I would go with one of the Germans, for 1 i don't really like Amarcant build cars (few exceptions) and the c5 with mods prob go beat on day and night ? (maybe). I would say the b6 cuz i have a b5 and think the b6 is a great looking car! just check out service records, AWD is better that RWD but its about what u like? for me with a good service record i would hit the B6 with a super charger and call a day:beer::beer:

have fun good luck


----------



## GOODBYNAAIR (Oct 29, 2011)

I would go with one of the Germans, for 1 i don't really like Americant build cars (few exceptions) and the c5 with mods prob got beat on day and night ? (maybe). I would say the b6 cuz i have a b5 and think the b6 is a great looking car! just check out service records, AWD is better than RWD but its about what u like? for me with a good service record i would hit the B6 with a super charger and call a day:beer::beer:

have fun good luck


----------



## AWhiteRabbit (Sep 30, 2008)

B6 S4. :wave:


----------



## imAUDIhere (Aug 1, 2009)

*Thanks*

Acutally one of my buddies is a merchandiser for jhm motorsorts and aslo very highly experienced audi tech he has tunes 2005 s4 and told me that the trans arent that reliable or great overall plus its still a heavy ride and m3 def is faster and corvette prolly been beat on. Im actually getting a 2004 porsche boxter s 6 speed with 911 trans and brakes and suspension with bbs rs rims and its speed yellow very rare. Already have exhaust and ecu flash and intake in the works to bump it to a solid 300 hp car is low fast and light plus u cant beat handling of mid engie its more enjoyed then a lot of 911 drivers so i have heard thanks for the responses..

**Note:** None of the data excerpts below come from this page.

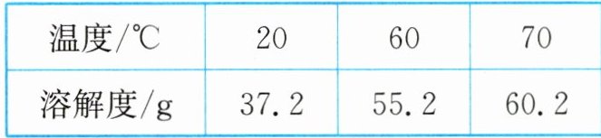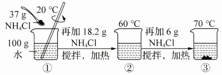 答案:11. C 解析:$20^{\circ}C$时,氯化铵的溶解度为37.2g,则向100g水中加入37g $NH_{4}Cl$后,能全部溶解,烧杯①中溶液的溶质质量分数为$\frac{37g}{37g + 100g}×100\%≈27\%$,故A错误;$60^{\circ}C$时,氯化铵的溶解度为55.2g,烧杯②中$NH_{4}Cl$的质量为37g + 18.2g = 55.2g,因此,烧杯②中的溶液恰好为该温度下的饱和溶液,故B错误;烧杯②中的溶液为$60^{\circ}C$时氯化铵的饱和溶液,氯化铵的溶解度随温度的降低而减小,则将烧杯②中的溶液降温到$20^{\circ}C$时会析出固体,故C正确;$70^{\circ}C$时,氯化铵的溶解度为60.2g,即该温度下的100g水中最多能溶解60.2g氯化铵,烧杯③中$NH_{4}Cl$的质量为37g + 18.2g + 6g = 61.2g > 60.2g,因此烧杯③的溶液质量是160.2g,故D错误。
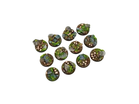 Réf. : B00821 Ce pack contient un ensemble de 5 socles en résine de 25mm non peints choisis de manière aléatoire parmi les designs présentés sur l'image.
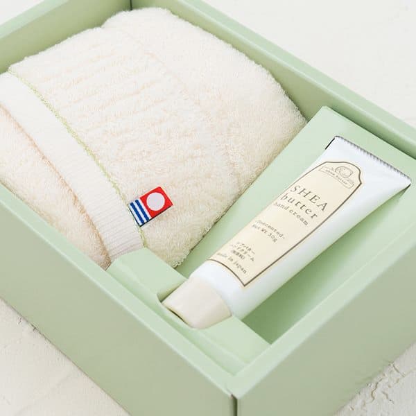 今治のオーガニックタオルとシアバターハンドクリームをセットにしました。ふわふわのタオルと、しっとりもちもちになるハンドクリームはもらって嬉しいこと間違いなしです。
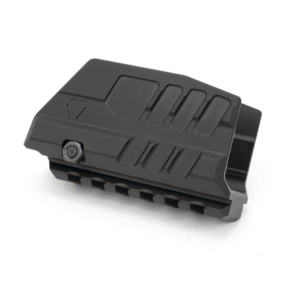Osłonę wykonano z frezowanego aluminium 6061‑T6, które szybko odprowadza przyjęte ciepło. Element pasuje nie tylko do szyn SMC‑Alpha/Bravo, lecz także do większości ram pistoletów o maksymalnej szerokości 27 mm i szyną Picatinny.
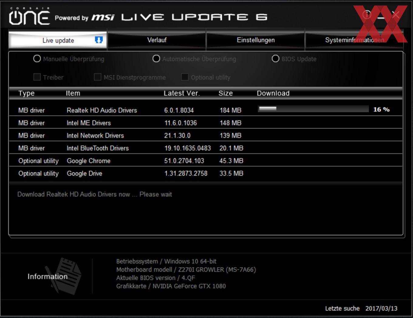 Über "MSI Live Update" können automatisch Updates für die Treiber, aber auch die Software-Tools des Corsair One über einen einzigen Klick installiert werden. Die Software sucht automatisch nach den richtigen Hardware-Treibern und installiert diese, sobald eine neue Versionen davon verfügbar ist, selbstständig.
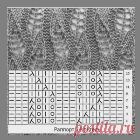 Рапорт узора 8 петель, количество петель увеличивается в течении вязания рапорта, но после того как будет связан один рапорт, количество петель уровняется с первоначальным количеством петель. В высоту рапорт узора 12 рядов.
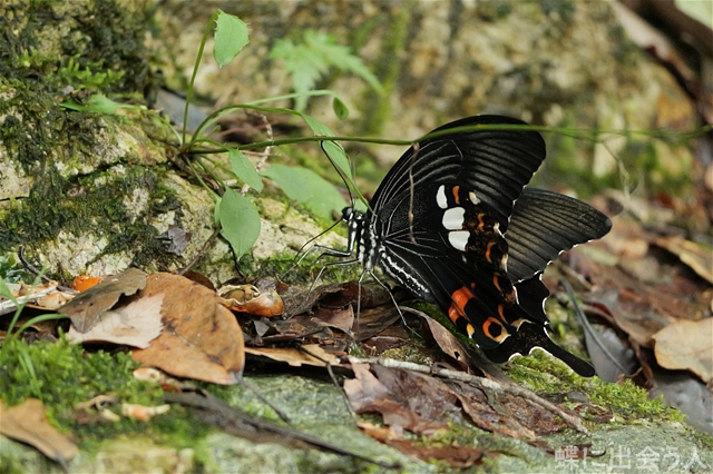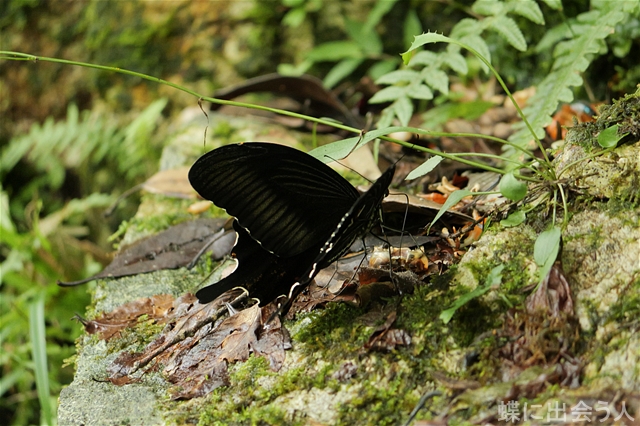 道路が湿った場所に行ってみると、例によってモンキアゲハが吸水に来ていました。
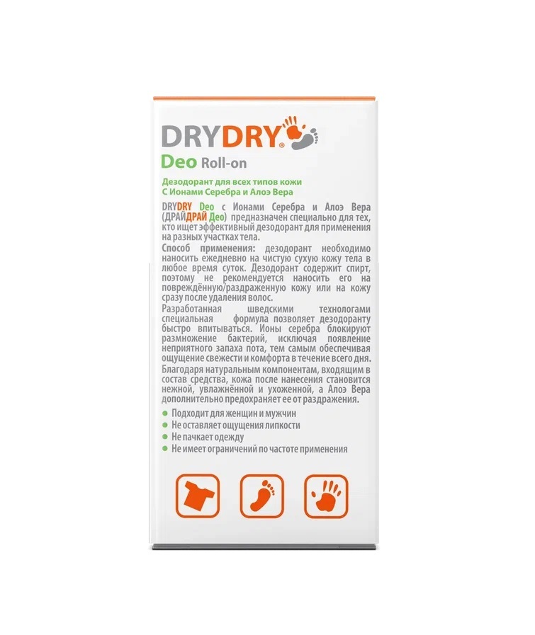 Описание: Средство от повышенного потоотделения Dry Dry Deo Roll-on / Драй Драй Део с Ионами Серебра и Алоэ Вера предназначен специально для тех, кто ищет эффективный дезодорант для тела.
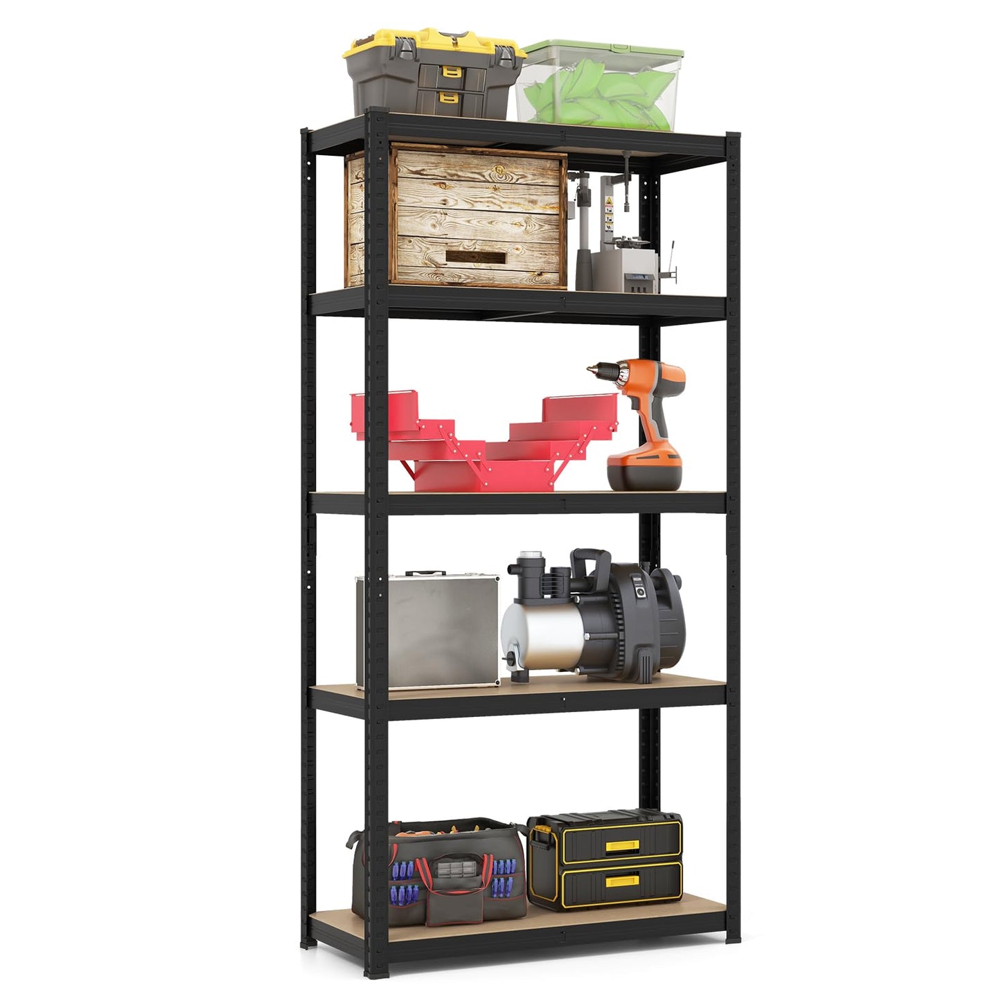 Transform your cluttered space into a well-organized area with our 5-tier metal shelving unit, designed to meet all your storage needs.
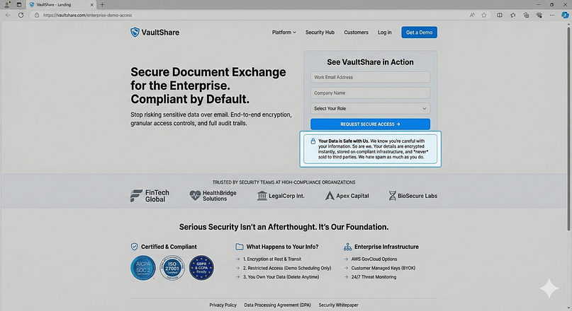 Any time I’m working with products that handle sensitive data — email platforms, fintech tools, health apps, anything with compliance requirements — the landing page has to earn trust before it earns a lead. People pause not because they don’t want the offer, but because they’re unsure what happens to their information once they click.
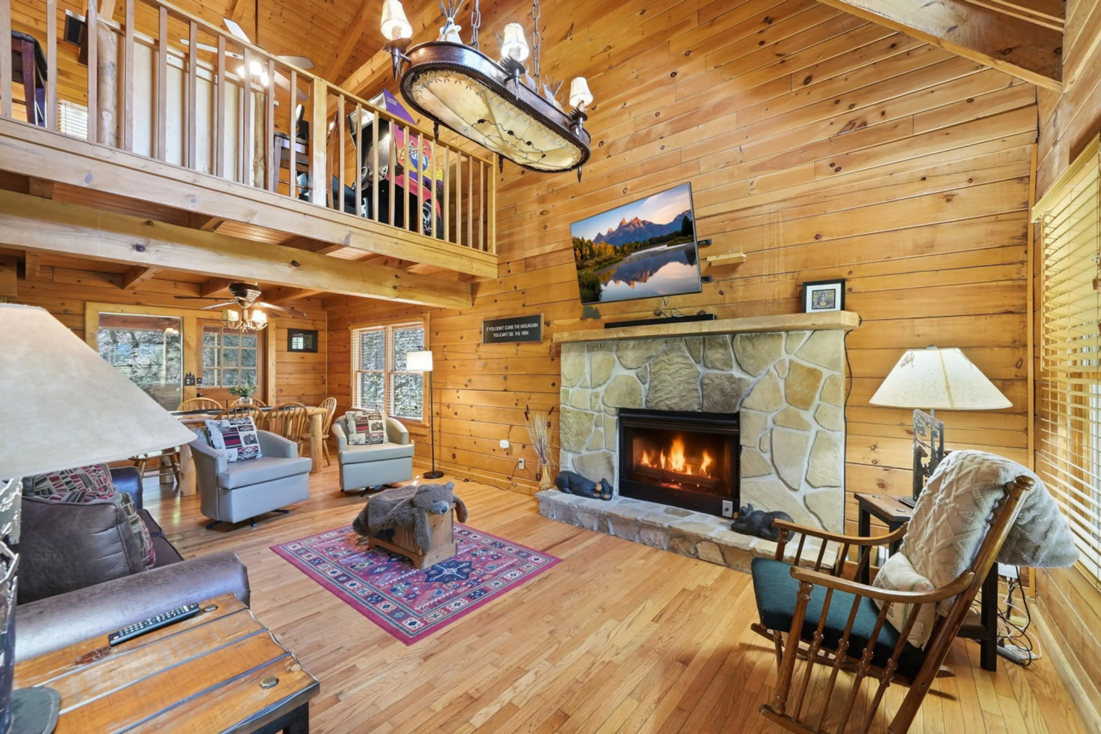 Welcome to Be Still Cabin, a cozy retreat made for relaxing escapes. Enjoy a game room full of fun, unwind in the hot tub for five, or gather by the indoor fireplace and 50” Smart TV. The fully equipped kitchen and dining for six make meals easy. Sleep comfortably with a king suite, queen room, and ...
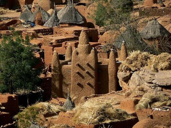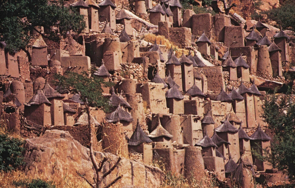 The Dogon are an ethnic group living in the central plateau region of Mali, in West Africa, south of the Niger bend, near the city of Bandiagara and in Burkina Faso. The population numbers between 400,000 and 800,000. They speak the Dogon languages, which are considered to constitute an independent branch of the Niger–Congo language family. The Dogon are best known for their religious traditions, their mask dances, wooden sculpture and their architecture. The principal Dogon area is bisected by the Bandiagara Escarpment, a sandstone cliff of up to 500 m (1,640.42 ft) high, stretching about 150 km (90 miles). To the southeast of the cliff, the sandy Séno-Gondo Plains are found, and northwest of the cliff are the Bandiagara Highlands. Historically, Dogon villages were established in the Bandiagara area in consequence of the Dogon people's collective refusal to convert to Islam a thousand years ago.
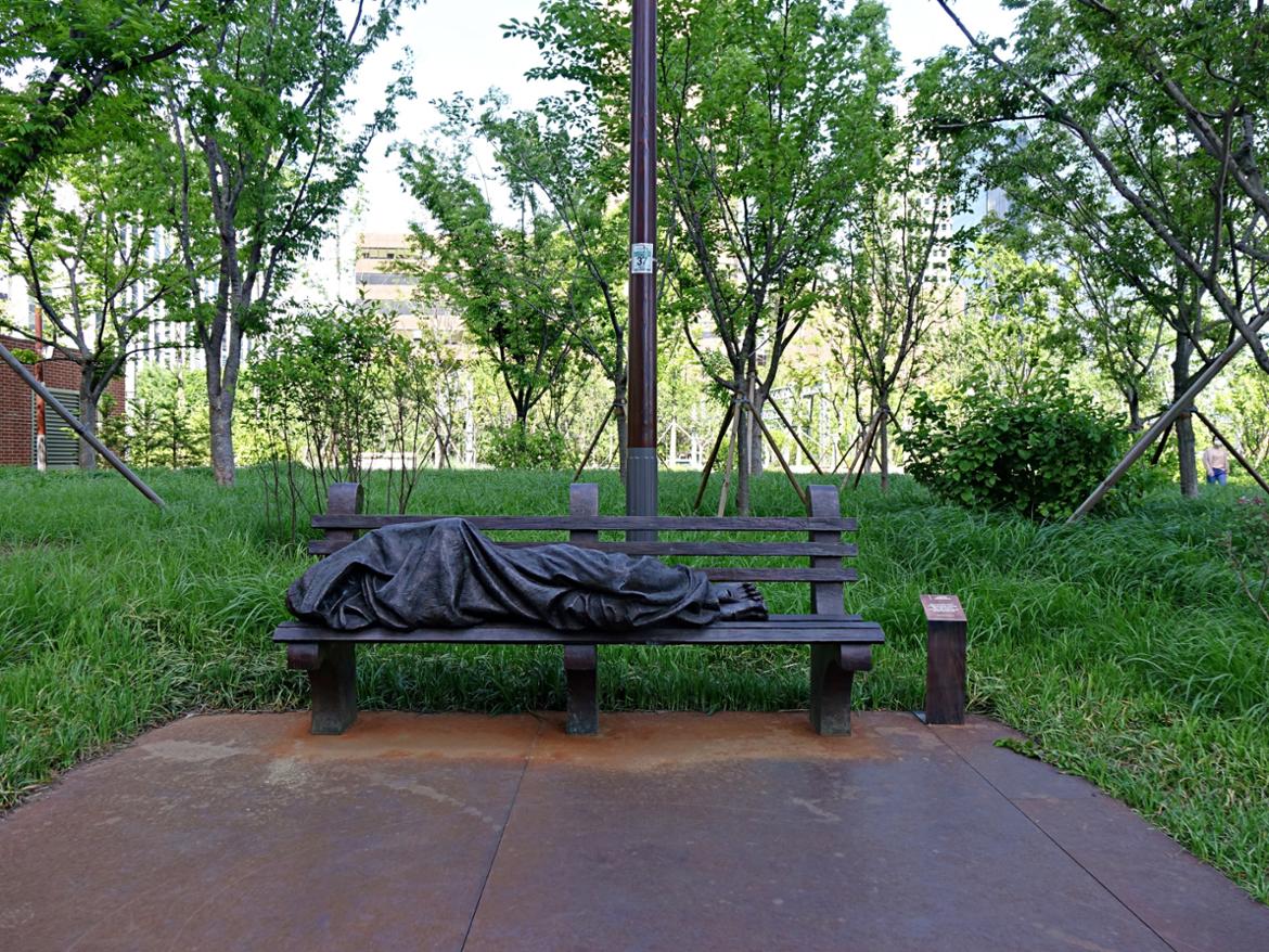 공원 한복판 벤치에 캐나다 작가 티모시 슈말츠가 제작한 ’노숙자 예수‘가 있다.
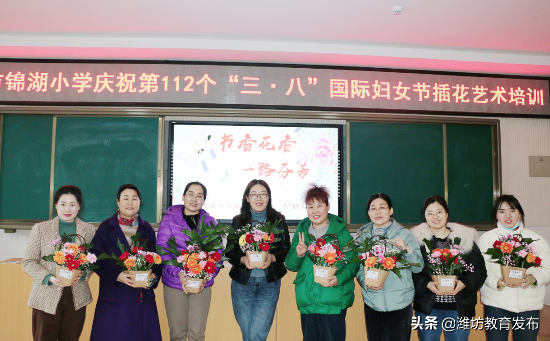 ▲安丘市锦湖小学:举行“书香花香 一路芬芳”庆“三八”国际妇女节插花艺术培训活动。
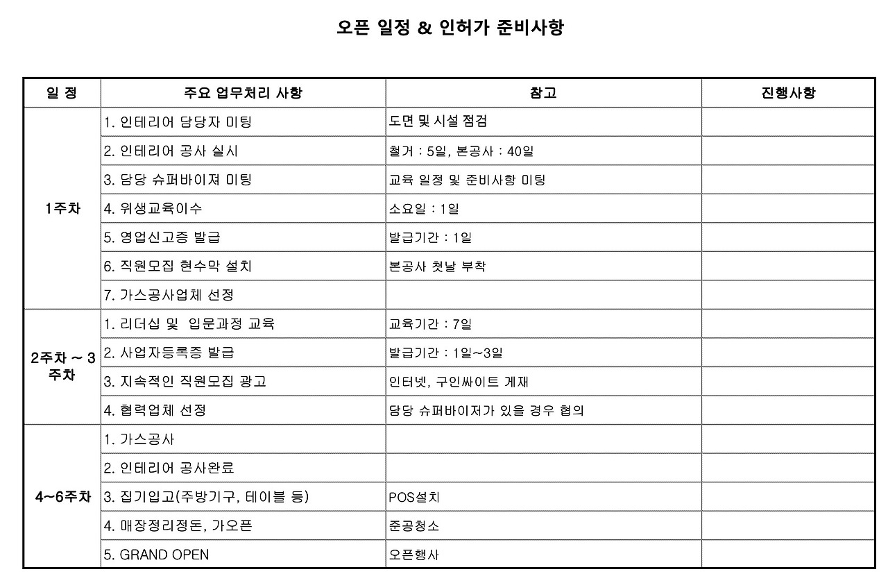 창업 후 오픈까지 6주간 체크 리스트입니다. 출력해서 사용하실 경우 A4 가로 화면에 맞도록 설정해 두었습니다. 지인을 통해 얻은 자료로 창업 후 오픈까지 6주간 체크해야 할 내용에 대한 리스트입니다. 첨부 엑셀 본문의 내용은 아래와 같습니다.
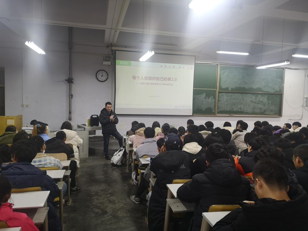 近日,建筑与城乡规划学院以年级为单位召开期末大会。各年级期末大会分时段进行,学院党总支副书记高江会同各年级辅导员以“筑美于心·期许未来”为主题,根据学生特点,分别设置不同环节,将同学们面临的问题、困惑进行专门解释,同时从寒假放假安排、疫情防控、安全教育、考风考纪等方面进行了详细讲解。
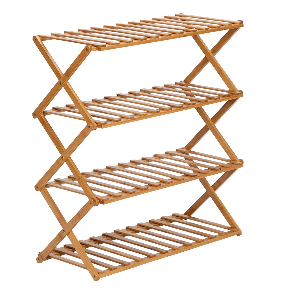 100% Bamboo Plant Frame 4 Layers Balcony Bamboo Frame Folding Flower Frame Office Balcony Living Room Outdoor Garden Decoration

Can anyone help me embed photos onto these post not sure how it wouldnt work uploading form my flickr


----------



## wwtd (Sep 9, 2011)

M3. I have a an E46 and every day i beat my self for trying to save some money. :banghead:


----------



## imAUDIhere (Aug 1, 2009)

*thanks for the input*

i see too many m3's around they are all too common. the s4 sold and the m3 convert and coupe i wanted sol as well. think its a sign. im going with the speed yellow limited 2004 boxster s 6 speed manual pretty much 911 roadster. car has 18' factory porsche bbs rs gt rims on it litronic hid factory headlights euro head lamps speedster fiberglass tonneau covers for convert top. brushed aluminum everything low ass miles car is sick and fast only weighs 2800 lbs major head turner so much more than the corvette m3 and s4 !!!! 


someone help me upload pics into thread


----------



## GOODBYNAAIR (Oct 29, 2011)

ok pics u need to copy the pic link and paste it in the insert image box ( its above where u enter ur text with all the other options) :beer:


----------